Gentoo Forums
Gentoo Forums
Gentoo Forums
Quick Search: in
bogofilter+razor filters for kmail spam filtering
View unanswered posts
View posts from last 24 hours

 
Reply to topic    Gentoo Forums Forum Index Documentation, Tips & Tricks
View previous topic :: View next topic  
Author Message
alkan
Guru
Guru


Joined: 06 Aug 2004
Posts: 385
Location: kasimlar yaylasi

PostPosted: Thu Dec 02, 2004 5:43 pm    Post subject: bogofilter+razor filters for kmail spam filtering Reply with quote

I search the forum and internet how to integrate razor into KMail. It looks like the only way is to use a MTA with razor to deliver the mail to a local box and then read the mail from kmail. Since I don't want to run a mail server, I found a workaround so that kmail directly uses razor.

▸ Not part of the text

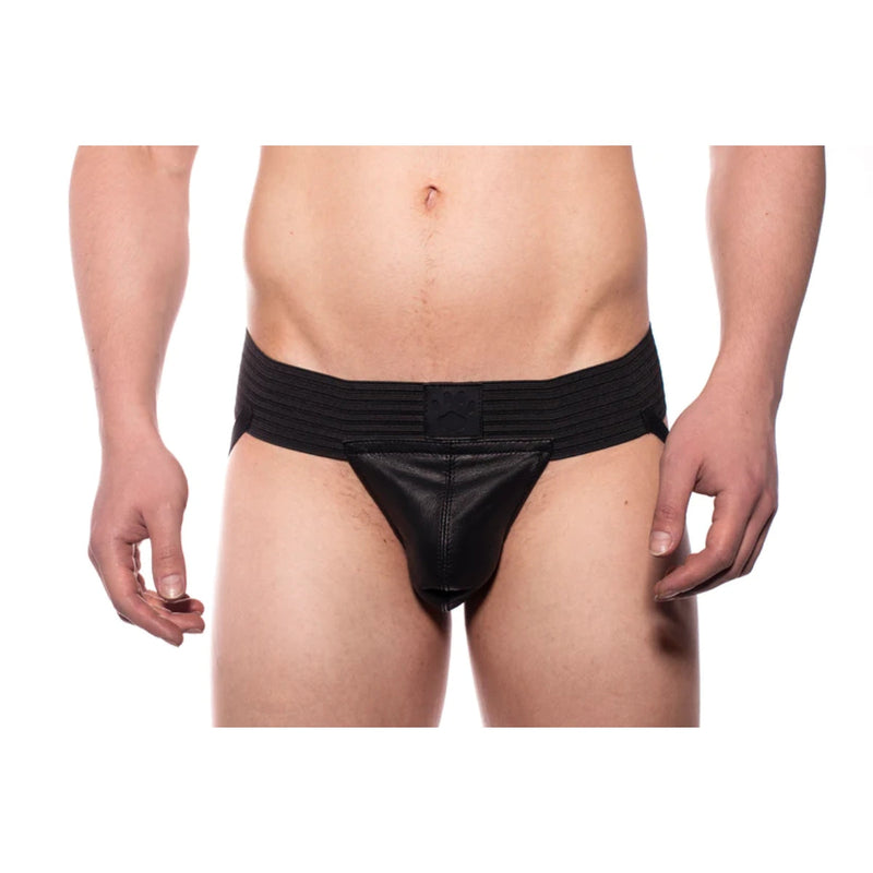 Features: Leather pouch - Thick, comfortable elastic waistband - Classic Black Butt Straps.

Since razor checks the central database over the internet, hence it is slow, I added bogofilter. KMail filters first check the bogofilter, if the result is negative, only then it tries razor.

Other feature is that razor is used to train the bogofilter, this way you become less and less depended on razor over the time. Statring from an untrained bogofilter database, bogofilter started detecting spam within a few hours.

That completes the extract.